White onions are a cultivar of dry onion which have a distinct light and mild flavour profile. Much like red onions, they have a high sugar and low sulphur content, and thus have a relatively short shelf life. White onions are used in a variety of dishes, such as those of Mexican and European origin. Their uses in dishes often relate to their mild nature, they are often included in dishes to provide a light, fresh and sour taste to dishes and are often added uncooked to dishes such as salads.

== Flavour profile and culinary uses ==
White onions have a distinctively mild flavour palette in comparison to other onion cultivars such as the red and yellow onions. They are distinctly less pungent and have a lighter flavour on account of their relatively high sugar and low sulphur content than other onion types. Because of this mild and easily palatable flavour, white onions are often used raw in dishes such as sandwiches and salads. When raw white onion is soaked after being finely chopped, it adopts a relatively sweet flavour profile as it loses its astringency.

Due to this flavour profile, white onion is versatile in its uses for food. Its use is often central to the construction of salads as it provides a fresh, but not overwhelmingly pungent flavour sensation. It is also widely used as a central ingredient in the making of stews as its light flavour does not overpower the other elements of the dish, contributing to a cohesive flavour palette.

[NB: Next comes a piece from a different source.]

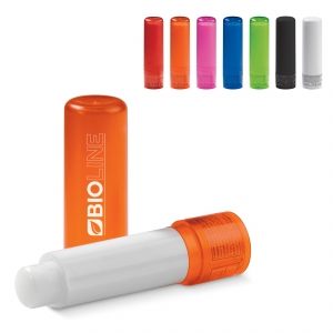 Artikel-Nr: ART90476N5411Lippenbalsam (SPF15) in einem runden Gehäuse. An der Unterseite des Stifts ist ein Drehmechanismus zum herausdrehen des Pflegestifts. Lieferbar in transparenten Farben oder einfarbig in schwarz oder weiß.

White onion is also extremely useful as a component in fermented dishes such as coleslaw as its low astringency allows it to adopt a largely sweet flavour in the dish. It also has many uses in dishes such as salsas because of this low astringency.

== Diseases affecting white onions ==

=== Onion Smudge ===
The parasitic ‘Onion Smudge’ ("Colletotrichum circinans (Berk.) Voglino") is a disease which affects crops of onion subspecies internationally, at all stages of development. Agricultural scientist, James Charles Walker notes that white onions are especially susceptible to infection of onion smudge due to the lack of pigment in its outer shells, as coloured onion subspecies contain a higher concentration of phenolic acid in its shells. Onion smudge thrives in damp soil conditions of above 20 degrees Celsius. The fungus can survive in the soil of onion plantations, and thus is extremely dangerous as it can impact the yield and performance of future crops.

Onion smudge causes damage to the outer scale leaves of the white onion, damaging the cosmetics of the bulb and ultimately reducing its market value. If the smudge is unnoticed in its early stages and the onion is left untreated with other onions. The parasite has the potential to infect the entire crop and cause the degeneration of the scale leaves, premature sprouting and the creation of conditions in which further storage rot may occur.

=== Onion White Rot ===
White Rot (Sclerotium cepivorum) (also known as Allium Root Rot) is a notorious and severe fungal disease which impacts most members of the allium family, including garlic, leeks and onion varieties. The fungus is unique in that it does not produce spores of great significance in its lifetime. Rather, it exists in the soil as a hardened fungal mass known as sclerotia, which remain detached and dormant in the soil until there are favourable conditions and it can attach itself to a host. Given the resilience of the fungi, it can remain in the soil for over 20 years, rendering many fields unviable for the planting and harvesting of onions.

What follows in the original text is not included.